Figure 3. ENSO prediction plume from September 2014 (see official version of this graphic), for SST anomaly out to Jun-Jul-Aug 2015. The orange lines show predictions of individual dynamical models, and blue lines those of statistical models; the thicker lines show the averages of the predictions from those two model types. The black lines and dots on the left side show recent observations. A weak El Niño (SST of at least 0.5˚, but less than 1˚C anomaly) continues to be predicted for late fall and winter 2014-15 by many of the dynamical and statistical models. The NCEP CFSv2 and the LDEO dynamical models, highlighted in brighter orange, suggest continuation and intensification of El Niño in spring 2015, presaging a possible 2-year event, as occurred in 1986-87-88 (but the LDEO model holds back on a full-fledged El Niño for the first year).

Footnotes

(1) This method uses the 13 months prior to (and including) the most recently completed month, but weights the more recent months more heavily than the less recent ones. In the case of Fig. 1, the relative weights from September 2013 through September 2014 are .02, .02, .03, .05, .06, .06, .07, .09, .10, .11, .12, .14, and .13. This weighting pattern was based on correlations between the earlier and current SSTs, averaged over all starting/ending times of the year. In a more refined system, the weighting pattern would change noticeably depending on these starting/ending times of the year. This variation exists due to the typical seasonal timing of ENSO events. For example, the correlation between SST in February with that in July is low, while the correlation between SST in September with that in February is quite a bit higher, as many ENSO events begin during summer and last through the following winter.

So, as we might expect from the weighting pattern, the similarity between this year and the selected analog years is seen in Fig. 1 to be greatest over the most recent 3 to 5 months. The closeness of the match is calculated as the square root of the sum of the weighted squared differences between the Nino3.4 SST this year and the candidate year. This metric is often called the Euclidean distance, and the smaller the number, the better the analog match.

(2) The time unit used in this analog prediction system is 1-month, in contrast to the 3-month averages usually used by NOAA in ENSO diagnostics and prediction.

(3) This spread is occurring at a time of year when persistence (i.e., maintenance over time of either positive or negative anomalies of SST) is typically strong and so forecasts using just recent observations generally do better than at other times of the year.

(4) More sophisticated analog systems used in earlier decades for seasonal climate forecasting are documented in Barnett and Preisendorfer 1978, Livezey and Barnston 1988, and Barnston and Livezey 1989.

References

Barnett, T. P., R. W. Preisendorfer, 1978: Multifield analog prediction of short-term climate fluctuations using a climate state vector, J. Atmos. Sci., 35, 1771–1787.

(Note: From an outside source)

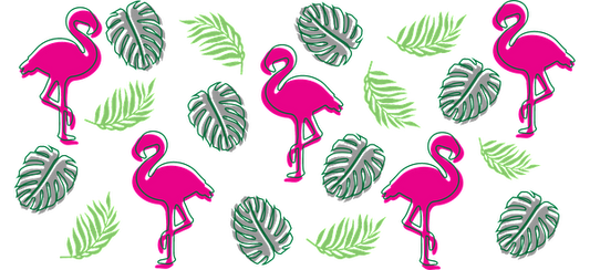 A vibrant tropical pattern featuring pink flamingos and lush green leaves, perfect for a cheerful summer vibe!UV Transfersdtf regular iron

Barnston, A. G., and R. E. Livezey, 1989: An Operational Multifield Analog/Anti-Analog Prediction System for United States Seasonal Temperatures. Part II: Spring, Summer, Fall and Intermediate 3-Month Period Experiments. J. Climate, 2, 513–541.

Livezey, R. E., and A. G. Barnston, 1988: An operational multifield analog/antianalog prediction system for United States seasonal temperatures: 1. System design and winter experiments. J. Geophys. Res., Atmospheres, 93, D9, 10953–10974. DOI: 10.1029/JD093iD09p10953

Van den Dool, H. M., 1994: Searching for analogues, how long must we wait?  Tellus A, 46, 314-324.